> _Required work_
The lines to reproduce from the material below are those from the one containing "Antes da palestra, o" through the one containing "集中式储能通常单台设备容量大", both included; write them out exactly and add nothing.
BEGIN Data extract
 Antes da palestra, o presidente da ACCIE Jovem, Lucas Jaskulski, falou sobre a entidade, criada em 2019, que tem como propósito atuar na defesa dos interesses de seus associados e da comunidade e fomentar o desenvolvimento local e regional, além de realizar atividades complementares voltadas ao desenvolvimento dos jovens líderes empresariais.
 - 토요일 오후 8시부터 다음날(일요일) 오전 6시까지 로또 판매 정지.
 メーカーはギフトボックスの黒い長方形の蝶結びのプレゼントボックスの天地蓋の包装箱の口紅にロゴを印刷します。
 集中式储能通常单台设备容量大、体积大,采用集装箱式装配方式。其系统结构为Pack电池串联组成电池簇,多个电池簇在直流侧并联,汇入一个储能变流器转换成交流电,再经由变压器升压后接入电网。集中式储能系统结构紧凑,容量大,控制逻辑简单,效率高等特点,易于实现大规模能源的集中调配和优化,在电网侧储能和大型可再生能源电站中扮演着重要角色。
END Data extract
BEGIN Data extract
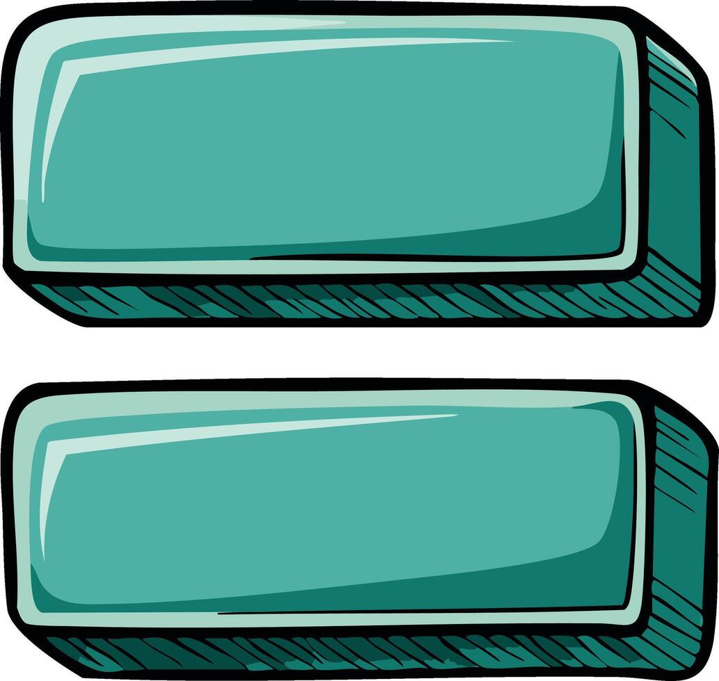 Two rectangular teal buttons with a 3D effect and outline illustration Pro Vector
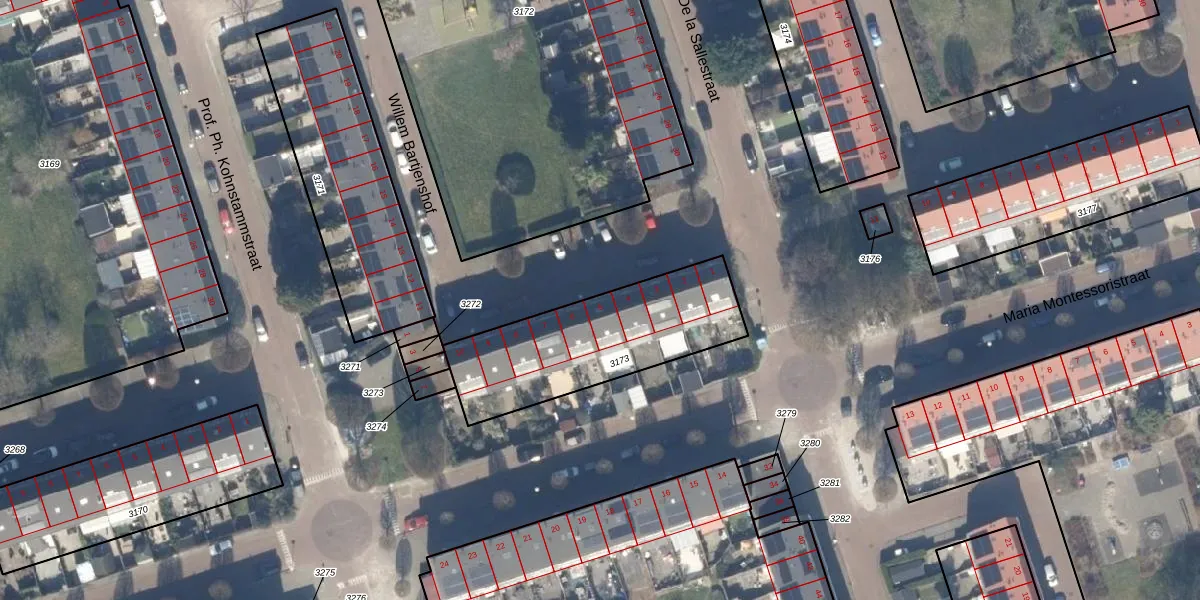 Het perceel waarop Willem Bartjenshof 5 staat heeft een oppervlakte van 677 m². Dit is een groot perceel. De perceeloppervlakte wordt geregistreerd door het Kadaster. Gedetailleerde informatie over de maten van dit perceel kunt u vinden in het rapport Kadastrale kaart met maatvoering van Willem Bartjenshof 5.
END Data extract
BEGIN Data extract
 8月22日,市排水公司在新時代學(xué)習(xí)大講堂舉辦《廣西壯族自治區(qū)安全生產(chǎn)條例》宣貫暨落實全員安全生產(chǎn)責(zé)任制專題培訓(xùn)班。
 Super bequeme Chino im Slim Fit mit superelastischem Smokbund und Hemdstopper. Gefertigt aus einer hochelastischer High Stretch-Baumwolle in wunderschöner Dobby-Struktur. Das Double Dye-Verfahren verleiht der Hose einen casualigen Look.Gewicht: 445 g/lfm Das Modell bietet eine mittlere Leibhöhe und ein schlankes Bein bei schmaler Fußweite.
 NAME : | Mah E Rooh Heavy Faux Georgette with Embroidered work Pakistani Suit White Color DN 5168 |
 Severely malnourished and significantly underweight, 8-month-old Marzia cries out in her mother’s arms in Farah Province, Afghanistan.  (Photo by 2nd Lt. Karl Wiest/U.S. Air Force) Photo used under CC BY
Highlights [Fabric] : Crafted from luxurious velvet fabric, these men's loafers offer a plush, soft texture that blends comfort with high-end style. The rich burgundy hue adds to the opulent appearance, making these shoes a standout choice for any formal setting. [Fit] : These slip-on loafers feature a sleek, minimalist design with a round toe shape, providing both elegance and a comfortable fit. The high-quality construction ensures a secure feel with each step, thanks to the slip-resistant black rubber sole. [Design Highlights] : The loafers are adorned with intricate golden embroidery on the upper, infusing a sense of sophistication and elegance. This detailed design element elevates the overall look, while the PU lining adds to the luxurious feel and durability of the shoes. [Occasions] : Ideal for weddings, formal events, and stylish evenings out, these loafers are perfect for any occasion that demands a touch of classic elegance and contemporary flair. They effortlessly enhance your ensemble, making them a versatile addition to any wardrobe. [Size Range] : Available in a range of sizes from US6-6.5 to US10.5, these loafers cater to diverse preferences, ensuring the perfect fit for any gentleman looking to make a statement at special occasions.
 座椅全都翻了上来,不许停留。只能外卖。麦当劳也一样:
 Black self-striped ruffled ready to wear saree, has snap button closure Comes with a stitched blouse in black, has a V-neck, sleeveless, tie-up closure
END Data extract
> _Task answer_
 Antes da palestra, o presidente da ACCIE Jovem, Lucas Jaskulski, falou sobre a entidade, criada em 2019, que tem como propósito atuar na defesa dos interesses de seus associados e da comunidade e fomentar o desenvolvimento local e regional, além de realizar atividades complementares voltadas ao desenvolvimento dos jovens líderes empresariais.
 - 토요일 오후 8시부터 다음날(일요일) 오전 6시까지 로또 판매 정지.
 メーカーはギフトボックスの黒い長方形の蝶結びのプレゼントボックスの天地蓋の包装箱の口紅にロゴを印刷します。
 集中式储能通常单台设备容量大、体积大,采用集装箱式装配方式。其系统结构为Pack电池串联组成电池簇,多个电池簇在直流侧并联,汇入一个储能变流器转换成交流电,再经由变压器升压后接入电网。集中式储能系统结构紧凑,容量大,控制逻辑简单,效率高等特点,易于实现大规模能源的集中调配和优化,在电网侧储能和大型可再生能源电站中扮演着重要角色。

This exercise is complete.